シンヤが展開した障壁は、それらすべてを完璧に防ぎ切った。


「ば、バカな……」


「これはさっきの……?」


「チクショウ! 物理障壁じゃなかったのかよ! 魔法まで防ぐなんて……」


魔力で生成した障壁は、特殊な物理法則を持つ。

全てを防ぐ障壁を生成できれば強いが、その分魔力の消費が激しくなり、詠唱にも時間が掛かる。
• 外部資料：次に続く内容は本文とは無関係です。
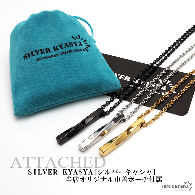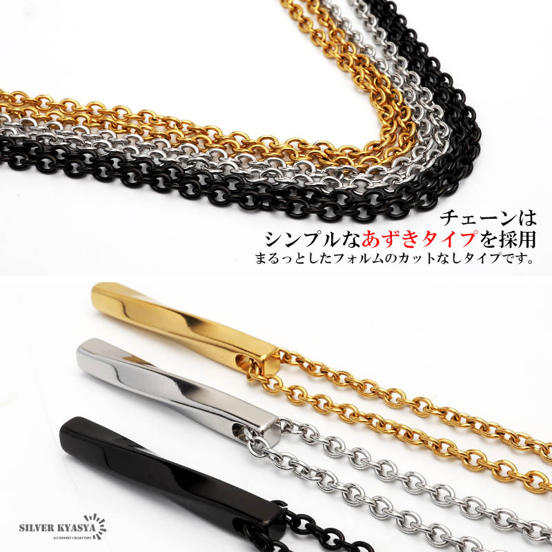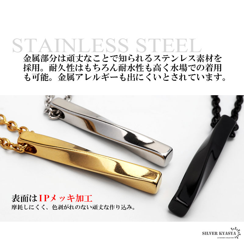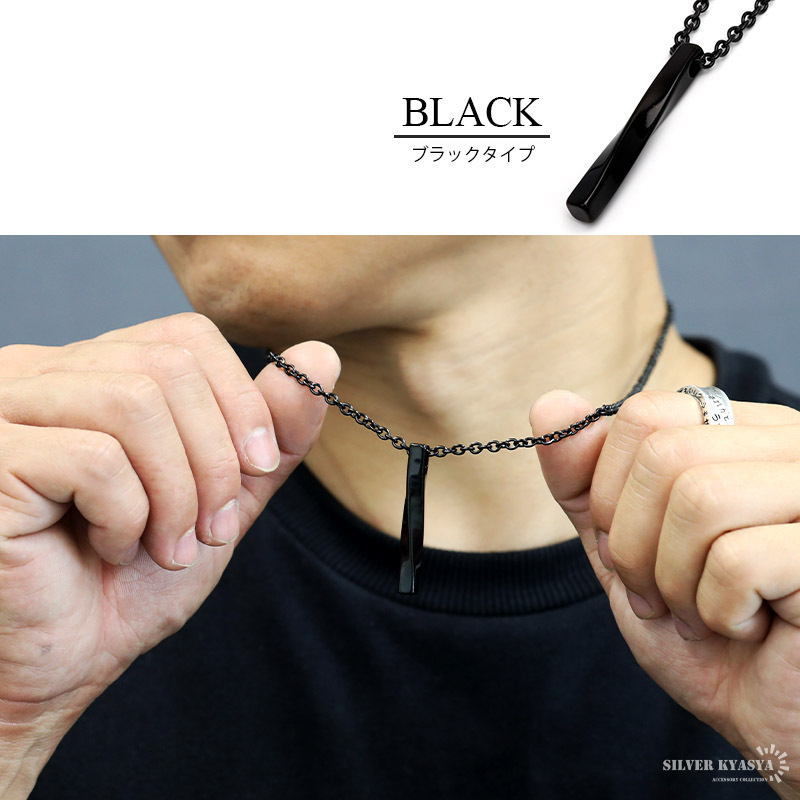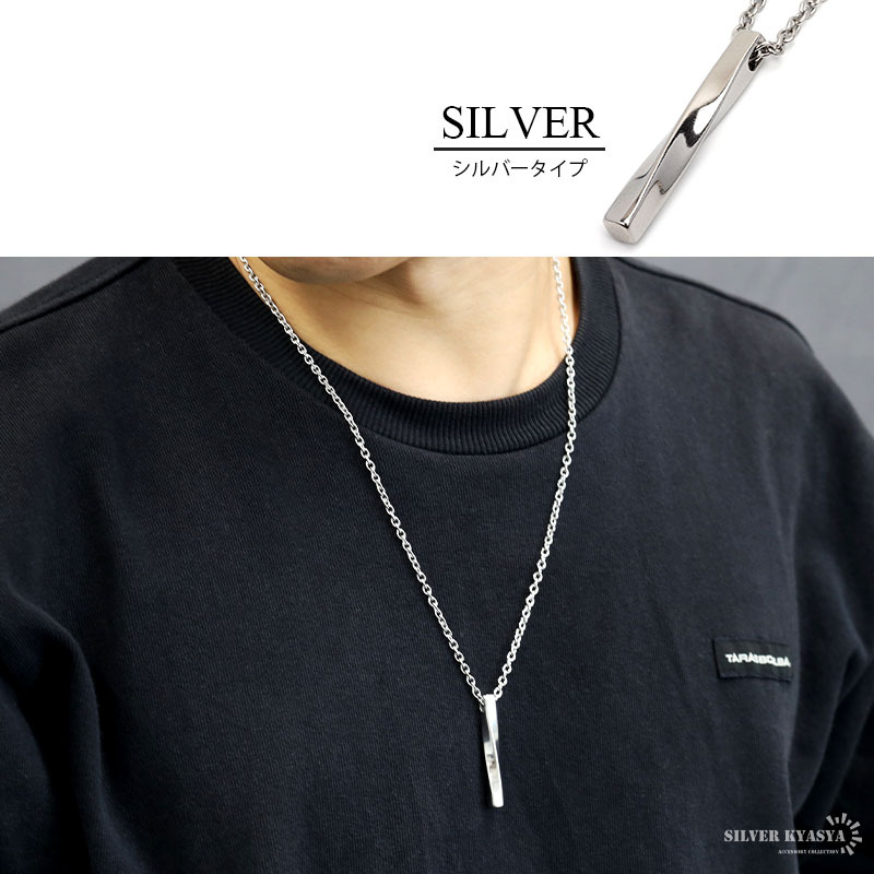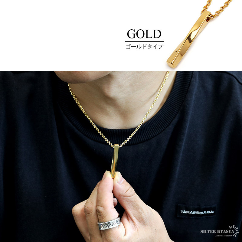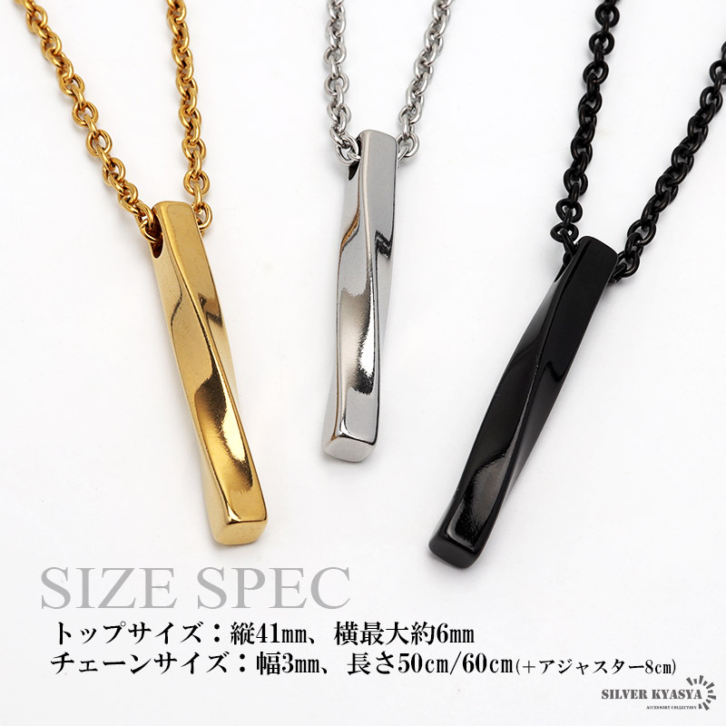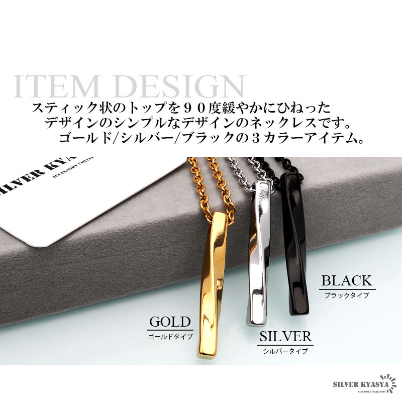 スティック状のトップを90度緩やかにひねったデザインのシンプルなデザインのネックレスです。ゴールド/シルバー/ブラックの3カラー展開。

通常は、そのあたりを総合的に考慮して特定属性のみを防ぐ障壁を展開する。

だが、シンヤならそんな些細な事情は無視できる。

彼の魔法技量はずば抜けているのだ。


「さて、次はこっちから行くぜ?」


「ひいっ!」


「く、くそっ!!」


男たちが態勢を立て直そうとするが、時既に遅し。


「【スタン】」


「「「ぐあああぁあっ!!!」」」


シンヤが放った雷魔法で、男たちはあっさりと倒れた。

彼は改めて、周囲の状況を確認する。


「【炎熱煉獄脚】ダ!!」


「【豪腕剣】!!!」


「「「ぎゃあぁあぁあぁあぁっ!!!!」」


ちょうど、ミレアとレオナードを阻んでいた男たちが撃破されたところだった。

シンヤの指導を受けている2人の実力は、受験者の中でも抜きん出ている。

正面からぶつかれば、彼女たちが敗けることはない。


「残ったのは俺たち3人だけか」


「さすがはシンヤだ。あたしの助けなんてイラナかったか」


「シンヤ兄貴が敗けるところなんて想像できねぇよ」


シンヤ、ミレア、レオナードの3人だけが残った。

――いや、もう1人だけ生き残りがいた。


「ぜぇ、ぜぇ……。わ、わたくしを忘れてもらっては困りますわ!」


アーシアだ。

彼女も、なんだかんだで勝ち残っている。


「よしっ! そこまでだ! 諸君の実力は十分に分かった!!」


試験官が声を張り上げる。

バトルロワイヤル形式の試験であるが、何も最後の一人だけが合格というわけでもない。

実力を見ることが目的であるため、これ以上試合を続けさせる意味はないと考えたのだ。

しかし――


「まだダ。シンヤにあたしの実力を見せていナイ!」


「そうだぜ。オレも成長してるってことを、シンヤ兄貴に見せつける絶好のチャンスだ!」


ミレアとレオナードは納得しない。

シンヤへの対抗心が燃え上がっているからだ。


「おい、お前ら! いい加減にし――」


「まあまあ、落ち着けよ」


試験官が怒鳴ろうとするが、シンヤはそれを遮った。


「いいじゃないか。せっかくやる気なんだし、止める必要もないだろう? ”3人”とも、俺が軽く揉んでやるよ」


「へ? あ、あの……わたくしはできれば戦いたくないのですが……」


何かを呟いているアーシアを無視し、シンヤは両手に魔力を集中させた。

3対1。

手を抜いて勝てるような相手ではない。

シンヤは全力で戦うことを決意する。


「【雷光一閃】!!」


ピカッ!

ゴロゴロゴロ……!!

一瞬にして、辺り一面をまばゆい光が覆い尽くした。

それはまさに、閃光のような一撃であった。

そして――。


「ううぅ……」


「な、何が起きタ……?」


「どうしてわたくしまでぇ……」


レオナード、ミレア、アーシアは、あっさりと地面に倒れ伏し、戦闘不能となったのであった。